La giovane donna del dipinto viene ritratta nell’atto di guardarsi davanti allo specchio di mogano scuro, ma il suo sguardo sembra quasi perso nel vuoto. Ha lunghi capelli rossi avvolti in lunghe trecce che tocca con le mani. Aurelia, il soggetto del quadro, è seduta inoltre alla toeletta e davanti a sé vi sono un pettine, una spazzola e anche una boccetta di profumo. Attorno a lei lo spazio circostante è caratterizzato dalla presenza di una tappezzeria damascata, di un candelabro e anche altri oggetti di varia natura.
La modella che probabilmente posò per il Rossetti era probabilmente Fanny Cornforth che dal punto di vista fisico assomigliava probabilmente tantissimo ad Angiola da Verona, donna a cui era dedicata la celebre poesia di Fazio degli Uberti. Aurelia è una donna dotata di grande fascino, non solo la posa della donna è molto sensuale, ma anche le sue labbra color rosso rubino, i suoi capelli che le incorniciano il volto, le spalle sono scoperte e sono un ulteriore simbolo di fascino. Il suo sguardo è perso nel vuoto, quasi sognante a tal punto da ammaliare il pittore. Per l’uso del colore rosso molto vivo e delle pennellate molto ricche di questo dipinto e anche di altri, il Rossetti è stato accostato a Tiziano per il tipo di stile pittorico che adotta.

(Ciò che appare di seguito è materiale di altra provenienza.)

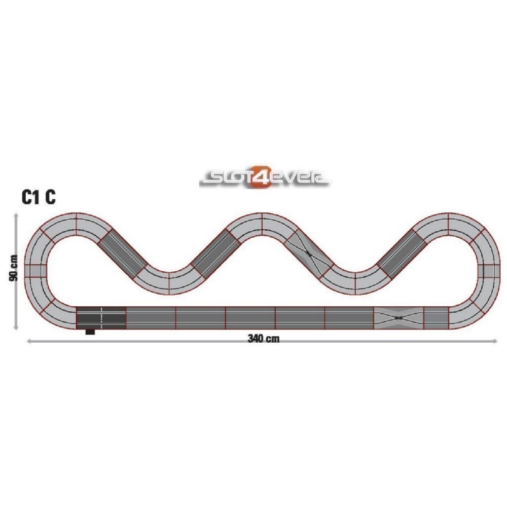 Circuito analógico Scalextric de corrida C1C GT. Circuito C1 expandido em um novo layout tipo C com o pacote de economia

Ritratto di Elizabeth Wharton Drexel di Giovanni Boldini
Ritratto di Elizabeth Wharton Drexel è un dipinto celebre dell’artista Giovanni Boldini operante nel periodo storico della Belle Époque. Il ritratto è stato effettuato nel corso del 1905 con la tecnica pittorica dell’olio su tela e fa parte della celebre collezione The Elms (Preservation Society of Newport), Newport, Rhode Island, U.S.
La donna soggetto della tela è la nobildonna Elizabeth Wharton Drexel facente parte di una ricca famiglia di banchieri statunitensi, la quale era molto nota sia per essere molto ricca sia per i suoi tre matrimoni.
La donna si sposò infatti prima con John Vinton Dahlgren, che però morì dopo dieci anni dal loro matrimonio, poi con il freddo Henry Symes Lehr, che l’ha sposata soltanto per i suoi soldi e per la sua ricchezza e con cui ebbe un matrimonio solo di facciata ed infine con John Beresford, 5th Barone Decies, con cui ebbe una relazione più serena. La donna viene ritratta in tutta la sua bellezza, con indosso un abito arancione e dalle sfumature più chiare tipico della Belle Époque, con in braccio un cagnolino nero. L’acconciatura è anch’essa alla moda e le spalle sono scoperte e dall’incarnato rosa. Lo sfondo dietro di lei è chiaro invece. Giovanni Boldini in quest’opera vuole rappresentare il fascino femminile del soggetto rappresentato sia mediante la posa sia mediante l’abito molto femminile che indossa.
Giove ed Io del Correggio
Giove ed Io è un dipinto realizzato dal Correggio negli anni compresi tra il 1532 e il 1533 ed è custodito presso il Kunsthistorisches Museum di Vienna. Questo celebre quadro fa parte della nota serie di dipinti appartenenti al ciclo pittorico de “Gli amori di Giove” che era stato eseguito su richiesta di Federico II Gonzaga, il duca di Mantova. In seguito alla realizzazione del noto quadro Venere e Amore spiati da un satiro, il Correggio ebbe talmente tanto successo che realizzò altre tre tele aventi come soggetto sempre il mito greco legato agli amori di Giove. Inizialmente queste tele dovevano essere realizzate per il Palazzo Te di Mantova, poi erano pervenute all’imperatore Carlo V in seguito alla morte del duca Federico II di Gonzaga avvenuta nel 1540.
L’opera fece parte successivamente di altre collezioni, girando il Continente europeo per poi entrare a far parte delle collezioni d’arte del Kunsthistorisches Museum di Vienna. Il quadro descrive il mito di Io così come lo presentò Ovidio nelle celebri Metamorfosi: Giove si invaghì della fanciulla e per non farsi scoprire da Era, sua moglie, la sedusse trasformandosi in una fitta nebbia che era calata dal cielo sulla terra.
La ninfa Io viene rappresentata in una posa arcuata e di schiena dal Correggio, riprendendo i canoni stilistici dell’arte ellenistica. La fanciulla viene rappresentata in una posa sensuale secondo dei canoni stilistici tipici dell’antichità. Giove invece afferra Io sotto forma di una soffice ed eterea nuvola. Da notare il grande impegno con cui il Correggio cercò di rappresentare la nuvola che in ambito artistico era un particolare stilistico molto difficile da imprimere su tela.